> _Your objective_
From the first line of the data below through the line bearing "We’re proud to", reproduce each line exactly; do not include pictures.

Source material: Begin

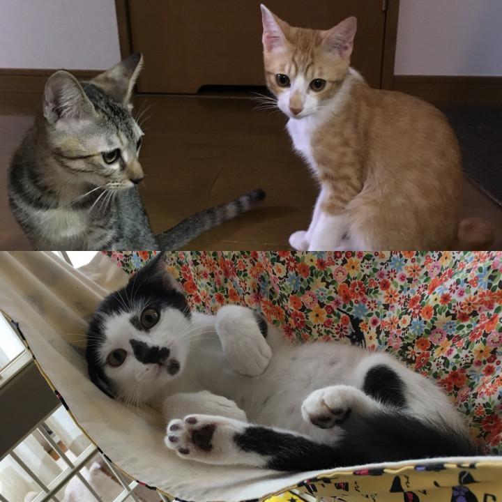 まい(茶白)、みぃ(キジ)、むぅた(ハチワレ)
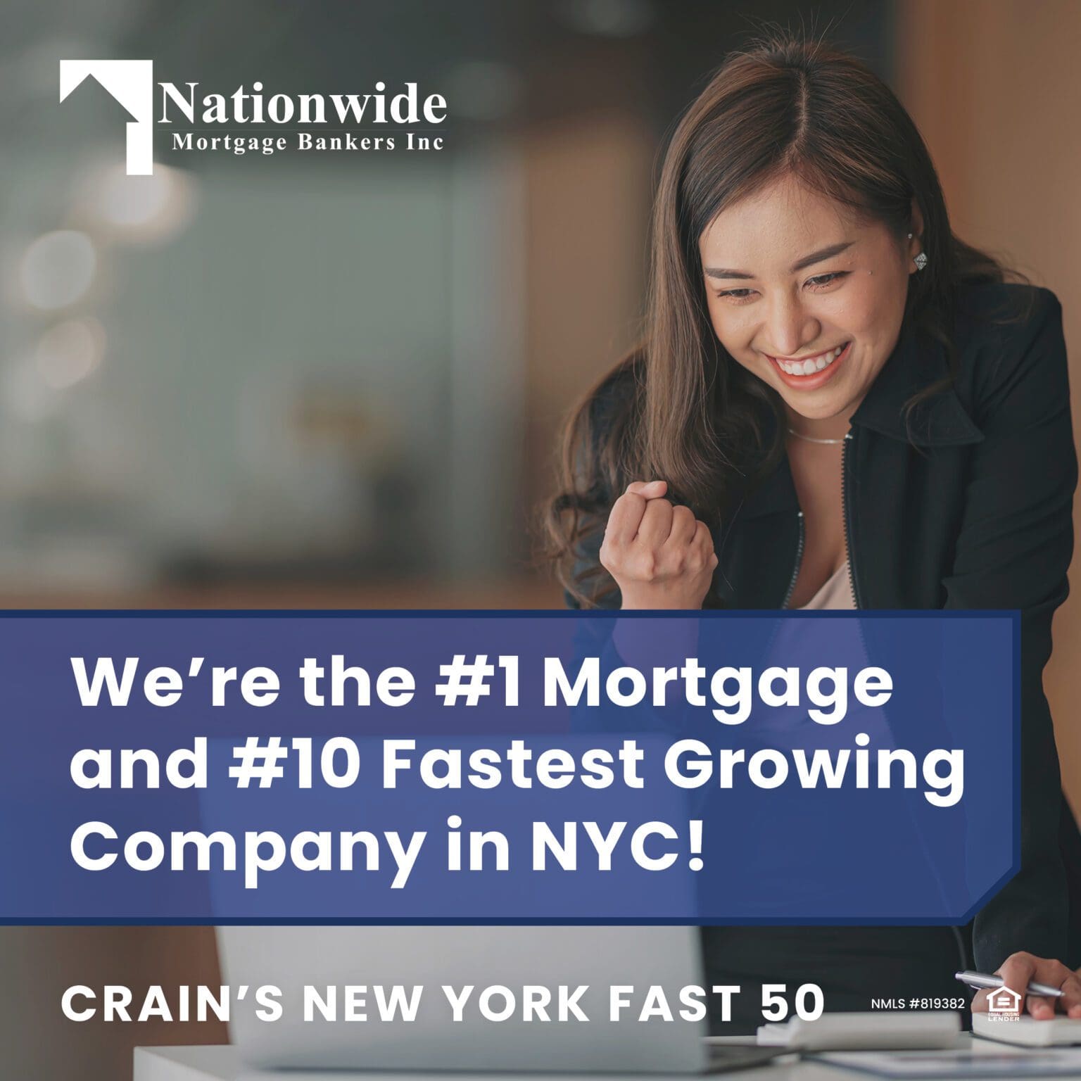 We’re proud to announce that Nationwide Mortgage Bankers, Inc., has been named the #1 Mortgage and #10 Fastest Growing Company in New York City by Crain’s New York Business’ Fast 50 for 2022!
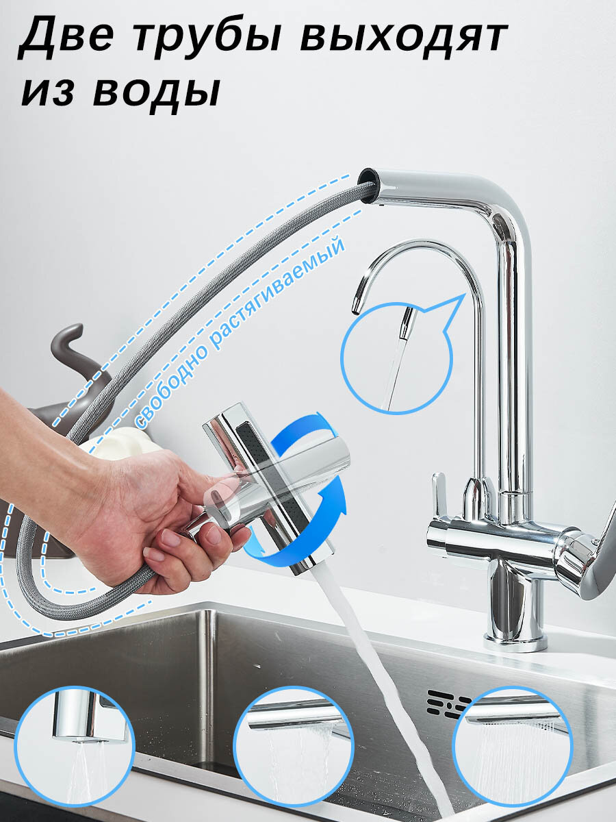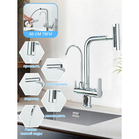 Купить Смеситель кухонный , с изливом, гибкий, латунь, хромированный с доставкой по всей России.

Source material: End

> _Answer section_
 まい(茶白)、みぃ(キジ)、むぅた(ハチワレ)
 We’re proud to announce that Nationwide Mortgage Bankers, Inc., has been named the #1 Mortgage and #10 Fastest Growing Company in New York City by Crain’s New York Business’ Fast 50 for 2022!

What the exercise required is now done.